How to Get a Semantic Edge?
Now that all enterprises are data producers and their stakeholders are data consumers, strategizing data management and integration with clearly defined semantics in mind is critical. While all data integration and management solutions ultimately seek to reduce costs, increase performance levels, and generate additional value, few succeed in doing so. One of the greatest obstacles for increasing efficiency is the disconnected nature of heterogeneous data sources and the exponentially increasing data volumes. As a result, enterprises require information management solutions that facilitate the integration and interlinking of heterogeneous data, so they can derive value from all the information they manage.
Semantic metadata provides this by allowing a higher level of abstraction where deeper understanding of the data relationships is achieved. Semantically integrated data makes metadata meaningful, allowing for better interpretation, improved search, and enhanced knowledge-discovery processes. It involves bringing together different pieces of information from various sources and making them work in concert. It also includes importing and organizing diverse data types, then connecting them into a graph database, using semantic technology.
Semantic Technologies To The Rescue
Establishing context for enterprise data that describes information with meaningful metadata, starts with the understanding that it is a long-term effort that requires team participation. Agile and iterative engineering and flexible stakeholder management is required as well.
Starting small is key, so many organizations start with one or two datasets, define their underlying model, describe their facets and formalize the relationships between the data pieces in each dataset.
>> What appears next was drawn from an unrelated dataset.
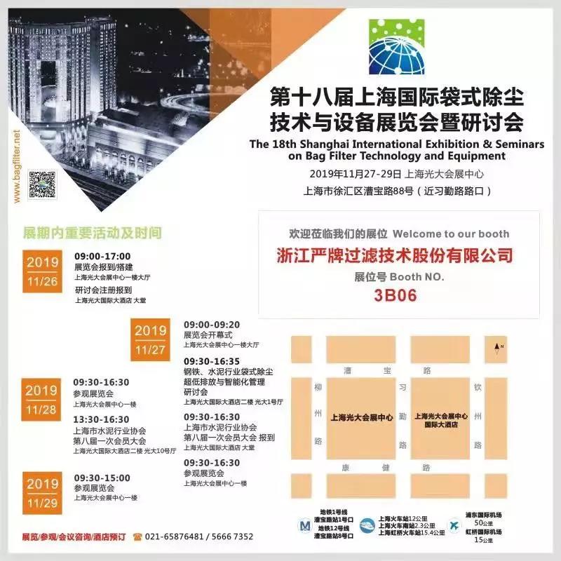 ▲嚴牌成為“垃圾焚燒技術(shù)與裝備國家工程實驗室”成員單位 據(jù)水泥人網(wǎng)了解,在不斷加強技術(shù)研發(fā)水平的提升,企業(yè)的技術(shù)研發(fā)實力已經(jīng)達到了國內(nèi)先進水平,嚴牌股份也先后被認定為國家高新技術(shù)企業(yè),浙江省企業(yè)技術(shù)中心、浙江省創(chuàng)新型示范中小企業(yè),浙江省“隱形冠軍”企業(yè),浙江省管理創(chuàng)新試點企業(yè),浙江省清潔生產(chǎn)階段性成果企業(yè),浙江省高新技術(shù)企業(yè)研究開發(fā)中心,浙江工業(yè)名牌產(chǎn)品等。延伸閱讀: 11月27日-29日,嚴牌股份將參與“第十八屆上海國際袋式除塵技術(shù)與裝備展覽會”,誠邀您蒞臨現(xiàn)場參觀指導(dǎo)!展位號:3B06展會地點:上海光大會展中心(參展信息見下圖)
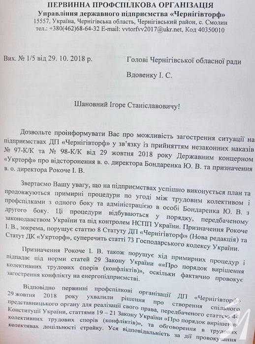 Це відверта неповага до людей, порушення умов колективного договору та Меморандуму про співробітництво між облрадою, ДП «Чернігівторф», Смолинською сільрадою та колективом підприємства.

They also tend to approach the initial phase of building a semantic metadata edge with one or two major data challenges in the enterprises which makes it easier to tackle the complexity inevitably involved in each business case. And just like business models vary, semantic metadata projects have their unique characteristics.
Like signing a machine-readable contract, semantic data schemas serve as contracts to enable correct interpretation and diligent management of the data. It is through that contract that semantic metadata helps enterprises interconnect and harmonize siloed data, building context and as a result, a competitive advantage. By leveraging semantic metadata, organizations can better understand and access all of their data with context to gain a shared understanding and description of the data developed.